(Stored entries)
*** Begin section ***

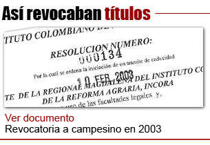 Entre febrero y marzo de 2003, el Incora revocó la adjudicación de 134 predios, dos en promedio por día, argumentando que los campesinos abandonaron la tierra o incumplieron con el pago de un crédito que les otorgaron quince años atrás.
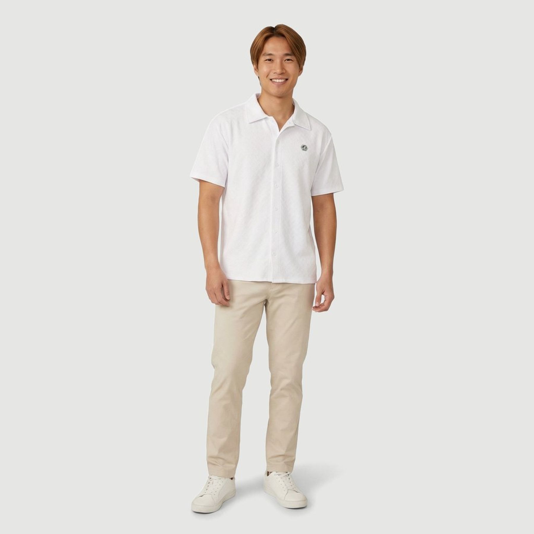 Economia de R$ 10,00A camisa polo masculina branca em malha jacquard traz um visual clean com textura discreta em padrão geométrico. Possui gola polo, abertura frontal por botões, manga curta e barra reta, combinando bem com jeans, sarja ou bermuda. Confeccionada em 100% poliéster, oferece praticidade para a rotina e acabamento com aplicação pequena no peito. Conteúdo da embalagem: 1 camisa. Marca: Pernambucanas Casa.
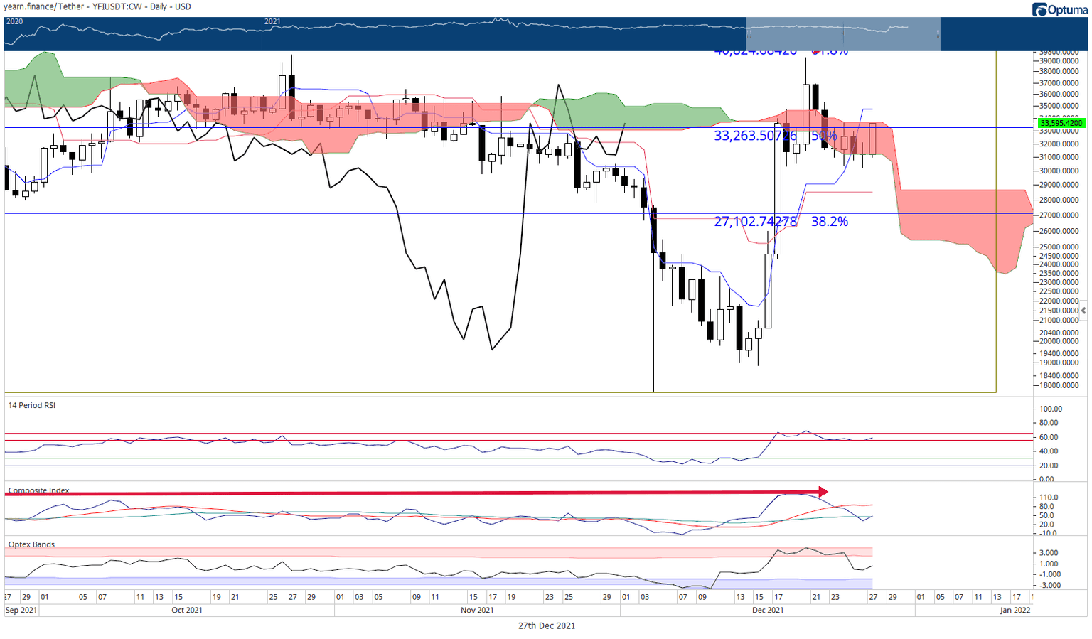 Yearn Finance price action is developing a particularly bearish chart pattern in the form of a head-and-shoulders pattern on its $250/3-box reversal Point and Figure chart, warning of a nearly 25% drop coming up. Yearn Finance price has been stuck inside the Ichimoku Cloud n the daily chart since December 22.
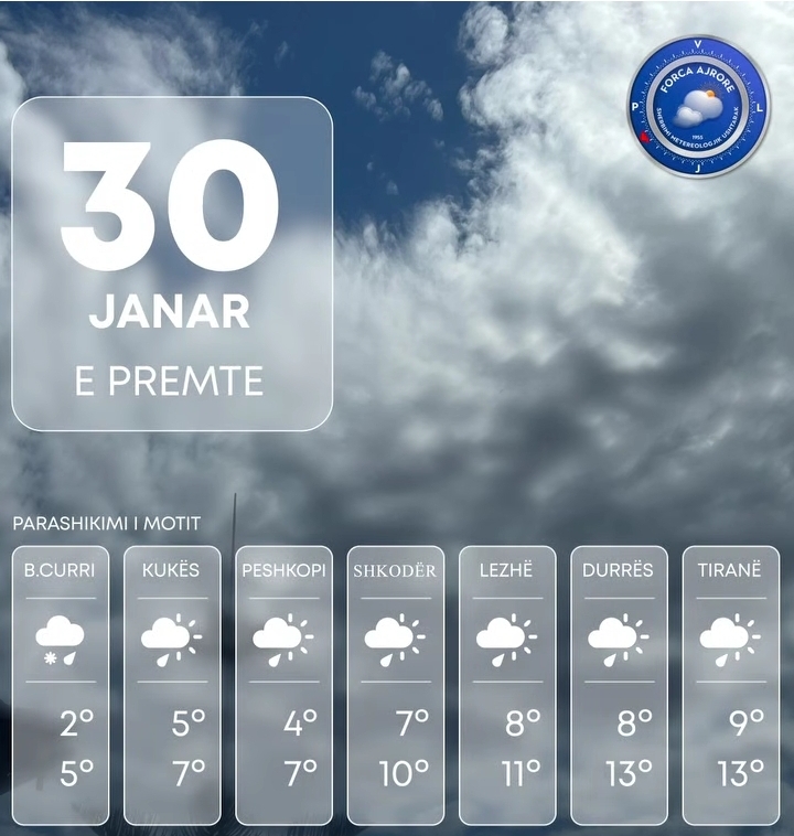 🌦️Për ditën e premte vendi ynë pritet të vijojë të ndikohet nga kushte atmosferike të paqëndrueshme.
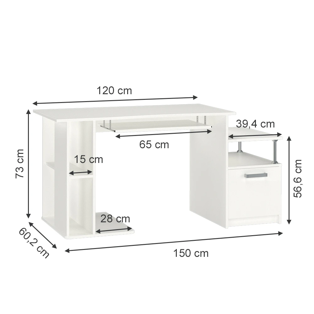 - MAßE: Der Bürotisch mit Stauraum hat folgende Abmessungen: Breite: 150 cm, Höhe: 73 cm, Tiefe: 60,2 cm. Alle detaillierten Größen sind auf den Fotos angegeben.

*** End section ***

What the task requires
Those lines of the records above that run from the one containing "Economia de R$" through the one containing "atmosferike të paqëndrueshme." should be returned exactly, with no pictures among them.

Problem solution
 Economia de R$ 10,00A camisa polo masculina branca em malha jacquard traz um visual clean com textura discreta em padrão geométrico. Possui gola polo, abertura frontal por botões, manga curta e barra reta, combinando bem com jeans, sarja ou bermuda. Confeccionada em 100% poliéster, oferece praticidade para a rotina e acabamento com aplicação pequena no peito. Conteúdo da embalagem: 1 camisa. Marca: Pernambucanas Casa.
 Yearn Finance price action is developing a particularly bearish chart pattern in the form of a head-and-shoulders pattern on its $250/3-box reversal Point and Figure chart, warning of a nearly 25% drop coming up. Yearn Finance price has been stuck inside the Ichimoku Cloud n the daily chart since December 22.
 🌦️Për ditën e premte vendi ynë pritet të vijojë të ndikohet nga kushte atmosferike të paqëndrueshme.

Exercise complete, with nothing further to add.